J&J will hand over the rights to bota-vec for $25 million upfront, clearing MeiraGTx to seek regulatory approvals in the U.S. and EU in 2027.
MeiraGTx is buying back the rights to an eye disease gene therapy from Johnson & Johnson, pledging to package the existing data and make a run to regulators despite a failed Phase 3 trial last year.
The genetic medicines biotech insists there was plenty of good to be found in the Phase 3 LUMEOS trial of bota-vec that could support global regulatory applications, according to a Thursday release. The gene therapy has been under development for X-linked retinitis pigmentosa, an inherited eye disease caused by mutations in the RPGR gene that causes blindness in early childhood, particularly in males.
J&J will hand over the rights to bota-vec for $25 million upfront, with a one-time milestone payment due upon U.S. approval and certain sales performance. The Big Pharma will also be eligible for royalties starting in mid-2029.

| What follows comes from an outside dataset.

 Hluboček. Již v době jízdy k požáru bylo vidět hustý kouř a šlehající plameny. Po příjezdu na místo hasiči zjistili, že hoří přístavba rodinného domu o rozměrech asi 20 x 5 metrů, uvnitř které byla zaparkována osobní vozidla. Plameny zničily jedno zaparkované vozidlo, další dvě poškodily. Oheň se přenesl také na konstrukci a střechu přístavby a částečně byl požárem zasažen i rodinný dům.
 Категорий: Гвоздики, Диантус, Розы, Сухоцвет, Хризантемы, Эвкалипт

The partners began working together in 2019, with J&J offering $100 million upfront and up to $340 million in various milestones and other payments. The entire deal was worth up to $440 million.

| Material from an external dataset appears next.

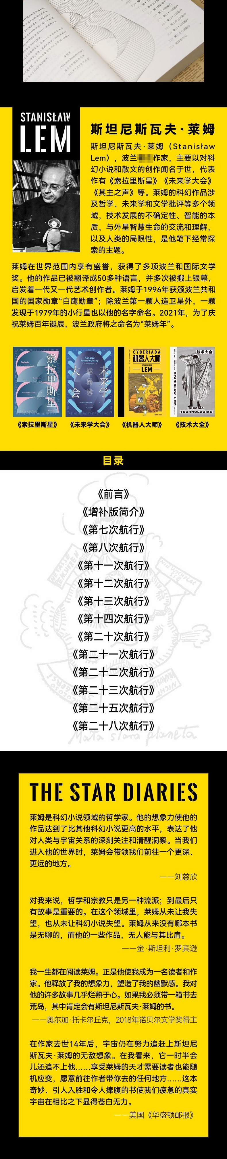 斯坦尼斯瓦夫·莱姆(Stanisław Lem),波兰作家,主要以对科幻小说和散文的创作闻名于世,代表作有《索拉里斯星》《未来学大会》《其主之声》等。莱姆的科幻作品涉及哲学、未来学和文学批评等多个领域,技术发展的不确定性、智能的本质、与外星智慧生命的交流和理解,以及人类的局限性,是他笔下经常探索的主题。
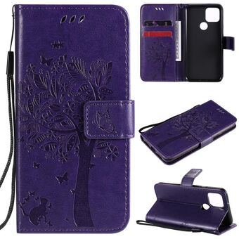 For Google Pixel 5 Tree & Cat Embossed Pattern Horizontal Flip Leather Case with Holder & Card Slots & Wallet & Lanyard(Purple)

MeiraGTx has been collaborating on the clinical development of bota-vec since Phase 1, with J&J taking the lead.
But the gene therapy took a stumble last year, when it failed to improve visual-guided mobility of patients in the LUMEOS trial, according to a report from Fierce Biotech at the time.
Nevertheless, MeiraGTX believes the trial provided approvable data. The biotech called on experts and patient advocates to support its case that LUMEOS showed improvements in vision and other patient reported outcomes.
Rachel Huckfeldt, director of Inherited Retinal Disorders Clinical Trials at Mass Eye and Ear and one of the trial’s principal investigators, said in a statement on Thursday that the study showed improvements in visual acuity as seen on a standard letter reading test. Patients also reported improvements in their daily lives.
Huckfeldt and other experts also highlighted the significant unmet need for patients with X-linked retinitis pigmentosa.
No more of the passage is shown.